• INSTRUCTIONS FOR THE TASK:
Below are the records; copy each line in which "with" occurs.

Stored dataset items

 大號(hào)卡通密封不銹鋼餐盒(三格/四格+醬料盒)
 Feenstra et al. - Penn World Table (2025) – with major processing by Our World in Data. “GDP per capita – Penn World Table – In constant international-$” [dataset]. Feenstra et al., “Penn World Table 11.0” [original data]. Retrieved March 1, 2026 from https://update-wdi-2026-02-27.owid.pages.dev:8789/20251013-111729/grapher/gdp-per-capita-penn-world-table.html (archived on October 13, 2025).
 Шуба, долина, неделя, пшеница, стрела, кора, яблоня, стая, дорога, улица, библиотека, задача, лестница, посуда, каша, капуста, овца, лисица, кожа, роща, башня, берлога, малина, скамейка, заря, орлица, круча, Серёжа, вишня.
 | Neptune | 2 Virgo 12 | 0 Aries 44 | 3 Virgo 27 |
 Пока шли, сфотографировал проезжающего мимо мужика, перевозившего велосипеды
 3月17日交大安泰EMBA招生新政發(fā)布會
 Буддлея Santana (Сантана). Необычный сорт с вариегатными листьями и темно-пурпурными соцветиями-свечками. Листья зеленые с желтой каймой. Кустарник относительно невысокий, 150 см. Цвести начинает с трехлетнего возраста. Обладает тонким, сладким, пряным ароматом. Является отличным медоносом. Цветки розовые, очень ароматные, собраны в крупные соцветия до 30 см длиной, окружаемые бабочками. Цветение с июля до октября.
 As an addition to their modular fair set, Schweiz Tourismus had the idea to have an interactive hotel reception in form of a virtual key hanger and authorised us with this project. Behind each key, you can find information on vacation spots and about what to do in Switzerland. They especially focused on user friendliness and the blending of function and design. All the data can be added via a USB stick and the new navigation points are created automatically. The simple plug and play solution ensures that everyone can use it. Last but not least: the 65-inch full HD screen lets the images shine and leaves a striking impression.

• YOUR RESPONSE:
 Feenstra et al. - Penn World Table (2025) – with major processing by Our World in Data. “GDP per capita – Penn World Table – In constant international-$” [dataset]. Feenstra et al., “Penn World Table 11.0” [original data]. Retrieved March 1, 2026 from https://update-wdi-2026-02-27.owid.pages.dev:8789/20251013-111729/grapher/gdp-per-capita-penn-world-table.html (archived on October 13, 2025).
 As an addition to their modular fair set, Schweiz Tourismus had the idea to have an interactive hotel reception in form of a virtual key hanger and authorised us with this project. Behind each key, you can find information on vacation spots and about what to do in Switzerland. They especially focused on user friendliness and the blending of function and design. All the data can be added via a USB stick and the new navigation points are created automatically. The simple plug and play solution ensures that everyone can use it. Last but not least: the 65-inch full HD screen lets the images shine and leaves a striking impression.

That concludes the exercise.